Re: problems with AHCI on FreeBSD 8.2
Thank you Jeremy, i'm already checking your links. When i installed smartd i configured a daily short test and a weekly long one for all the drives while the machine remains mostly unused, never thought it could be a problem reading the documentation and info around. # /usr/local/etc/smartd.conf /dev/ada0 -a -o on -S on -s (S/../.././03|L/../../2/07) /dev/ada1 -a -o on -S on -s (S/../.././04|L/../../3/07) /dev/ada2 -a -o on -S on -s (S/../.././05|L/../../4/07) /dev/ada3 -a -o on -S on -s (S/../.././06|L/../../5/07) I'll remove the checks, do you advice for removing the daemon altogether? On Tue, Feb 14, 2012 at 8:51 PM, Martin Sugioarto wrote: > Am Tue, 14 Feb 2012 20:24:32 +0100 > schrieb Harald Schmalzbauer : > >> I guess it's always the firmware of the EcoGreen models which cause >> these problems. Your drive isn't EG... >> I don't remember exactly the different model numbers, but I'm sure >> they were all EcoGreen.

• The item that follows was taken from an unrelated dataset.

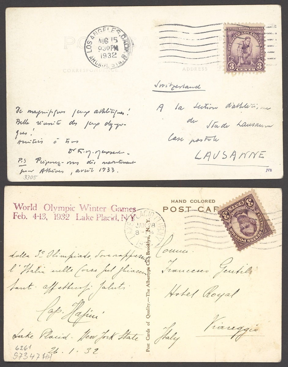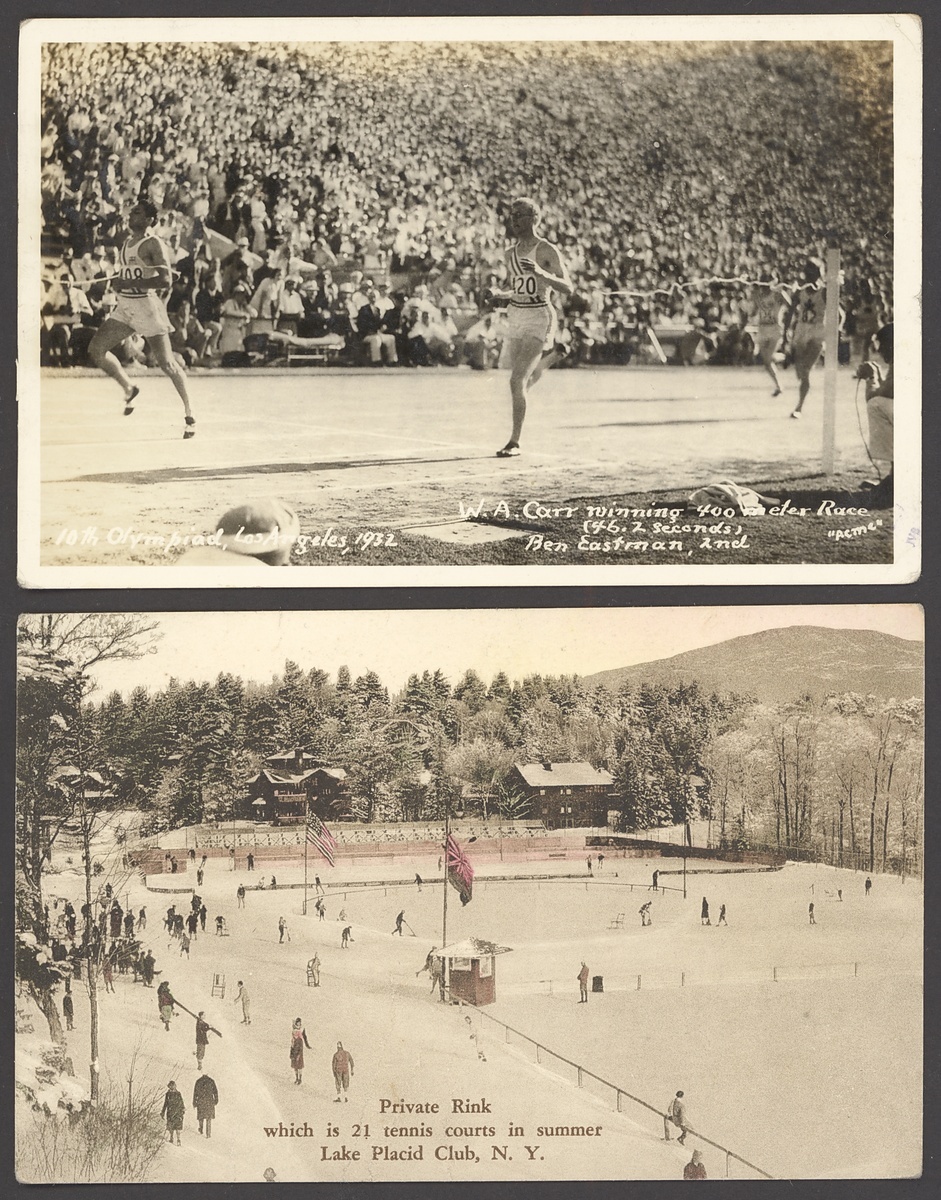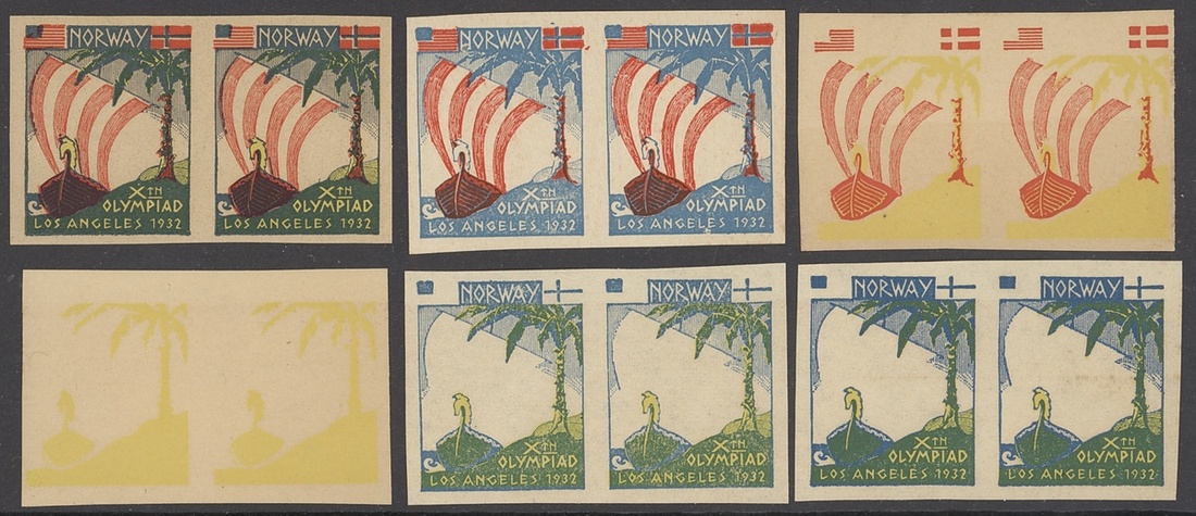 Los Angeles: 1932 picture postcard (W.A. Carr winning 400 meter race) franked Sprinter 3c., addressed to Switzerland, handcoloured picture postcard (Private Rink which is 21 tennis courts in summer, Lake Placid Club, N.Y.), franked Lincoln 3c. addressed to Italy and with "World Olympic Winter Games/Feb. 4-13, 1932, Lake Placid, N.Y. handstamp. Also Norway set of six progressive proofs for a label in pairs,

The lower power consumption was the reason to >> choose these specific drives (different capacities and F2/F3 series >> tried), with acceptable performance loss - I thought. But it turned >> out that EcoGreen and NCQ as well as RAIDZ demands dont' fit >> together... > > Hi, > > I intentionally did not buy any Eco or Green model because I don't like > them (Load_Cycle_Count bugs and so on). I realized, I like to use 1 Watt > more power but have the performance doubled. > > -- > Martin > ___ > freebsd-stable@freebsd.org mailing list > http://lists.freebsd.org/mailman/listinfo/freebsd-stable > To unsubscribe, send any mail to "freebsd-stable-unsubscr...@freebsd.org" ___ freebsd-stable@freebsd.org mailing list http://lists.freebsd.org/mailman/listinfo/freebsd-stable To unsubscribe, send any mail to "freebsd-stable-unsubscr...@freebsd.org"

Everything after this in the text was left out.